The significant lead in IoU, a crucial metric for segmentation accuracy, indicates that CACNN-Net produces pixel-wise predictions that align more closely with the ground truth. Furthermore, by simultaneously pushing Precision and Recall to high values, the model yields the top F1-score, evidencing its unrivalled ability to suppress both false alarms and missed detections. This balanced improvement suggests that the architectural innovations within CACNN-Net effectively enhance feature representation and boundary delineation compared to the other models, validating its design rationale and solidifying its state-of-the-art status for the given application.
Overall, the improved model CACNN-Net demonstrates significant enhancements in all four key metrics—Precision, Recall, IoU, and F1-score—compared to the other five widely-used models. Based on these quantitative results, the next step involves a comparative analysis of the visual crack detection performance of each model on bridge components.
Based on the quantitative metric comparisons, a comparative analysis of the visual identification performance of different models on bridge cracks was conducted. Each model was applied to crack images for detection, and visual output maps of the recognition results were generated. The images used for visual evaluation varied in crack morphological characteristics and background noise.
To further compare the models, this section examines their performance by visually inspecting the crack detection results on sample bridge images. The prediction maps generated by each model are displayed for comparative analysis. The images selected for visual evaluation exhibit diverse crack morphological features and varying levels of background noise. As shown in Fig. 13, the visualization results of crack predictions are presented for UNet-ResNet34, UTNet, DeepCrack, FAT_Net, CENet, and the proposed model CACNN-Net, with “Label” denoting the ground truth annotation of the crack images.

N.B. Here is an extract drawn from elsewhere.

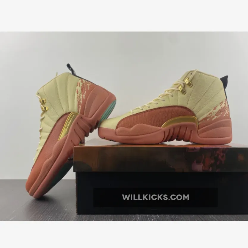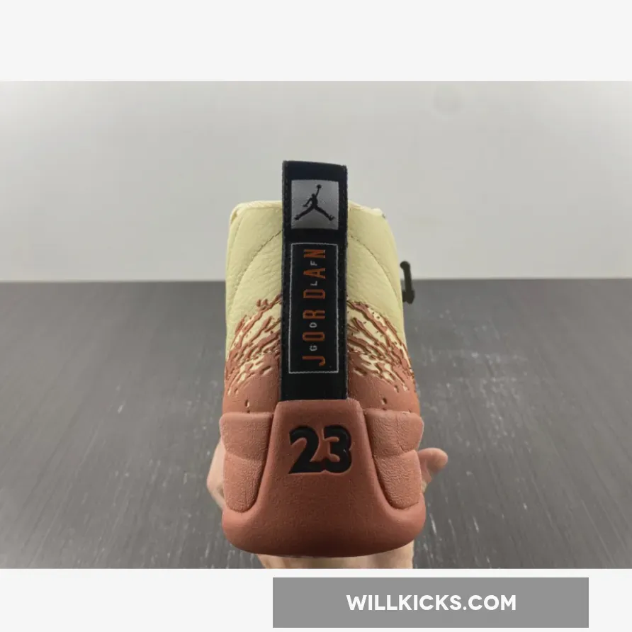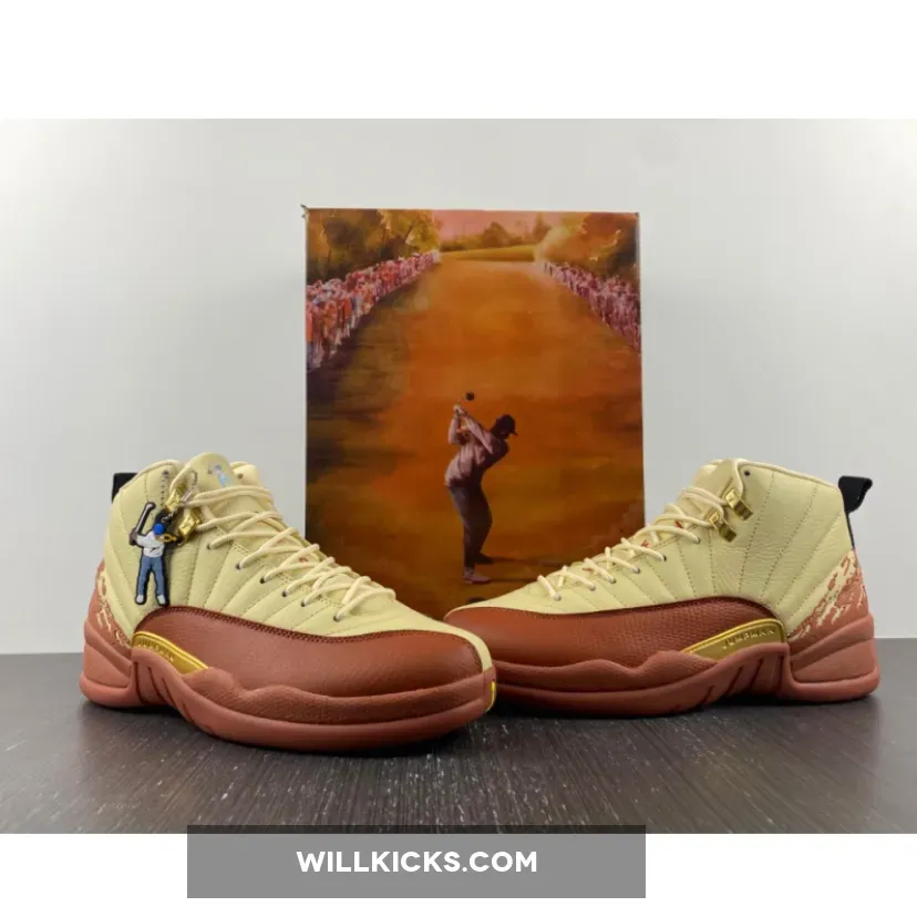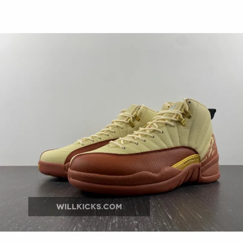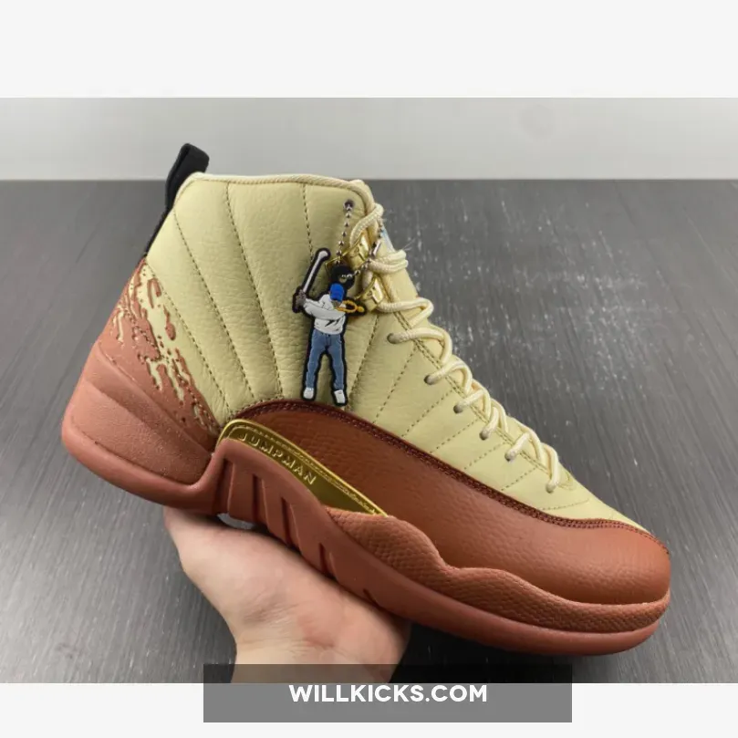 An undoubtedly opulent design, the luxurious-looking Eastside Golf x Air Jordan 12 Cream Brown features premium construction. It starts with a quilted tumbled leather cream upper which is complemented by beige tongue and laces as well as metallic gold details.A splash of terracotta red comes in via the splattered design at the backside and through the mudguard with a snakeskin-like pattern. Red and green insoles and a black pull tab finish off this collaborative Air Jordan 12.

Figure 13: Visual identification results of cracks.
As clearly observed from the visual results (Fig. 13), the proposed CACNN-Net model exhibits superior overall performance compared to the five baseline models, achieving more accurate and comprehensive identification of concrete cracks while effectively suppressing background noise interference.
In the case of P1, which features a wide crack, both CACNN-Net and Deeplabv3 produce continuous and complete crack segments, whereas the other five models exhibit fragmented detection. This suggests that CACNN-Net’s dual-encoder structure and feature fusion mechanism enhance continuity perception for prominent cracks. P2, a narrow but distinct crack, is accurately detected by all models, indicating that well-defined thin cracks do not pose significant challenges to modern architectures. For more complex scenarios, however, differences become pronounced. In P3, where a main crack branches into multiple secondary cracks, all models show varying degrees of discontinuity, but CACNN-Net maintains the highest connectivity and clarity. This can be attributed to its multi-scale feature refinement and attention mechanisms, which better capture crack topology and propagation patterns. P4, with a highly tortuous crack merged with background texture, remains challenging; while all models perform adequately, CACNN-Net shows slightly smoother boundary preservation, likely due to the spatial attention module’s ability to suppress texture noise. Notably, P5 and P6 represent critical edge cases. P5 contains a net-like crack with low contrast against the background. Here, UTNet, DeepCrack, and Deeplabv3 exhibit severe fragmentation, while FAT_Net misidentifies central regions. CACNN-Net achieves the most coherent detection, demonstrating its robustness to complex backgrounds and weak boundary definitions—a result of its combined local detail enhancement and global context integration. In P6, a fine bifurcating crack, all baseline models either disconnect at branch points or miss subtle segments. CACNN-Net shows nearly continuous detection, though closer inspection reveals minor thinning at the finest bifurcations, indicating that extremely subtle crack features remain partially challenging due to information loss in deep feature maps.
In summary, CACNN-Net demonstrates robust visual identification performance across images with diverse crack morphologies and complex background noise, proving to be an effective solution for segmenting bridge cracks. In particular, it significantly outperforms existing models in maintaining crack continuity and resisting background interference. Moreover, the performance of CACNN-Net in handling extremely fine or low-contrast cracks indicates that it still has potential in enhancing resolution feature retention or focusing more on pixel-level details in the early encoder stage.
To further verify the generalization ability of CACNN-Net in terms of different structural types and crack patterns, we conducted additional tests on the CrackForest dataset [40]. This dataset is an openly available dataset of road cracks, containing images with complex backgrounds, different lighting conditions, and various crack patterns. The dataset includes 118 images with pixel-level annotations. The test results are shown in Fig. 14. Group A, Group B, and Group C respectively represent normal lighting, low illumination, and high brightness environments.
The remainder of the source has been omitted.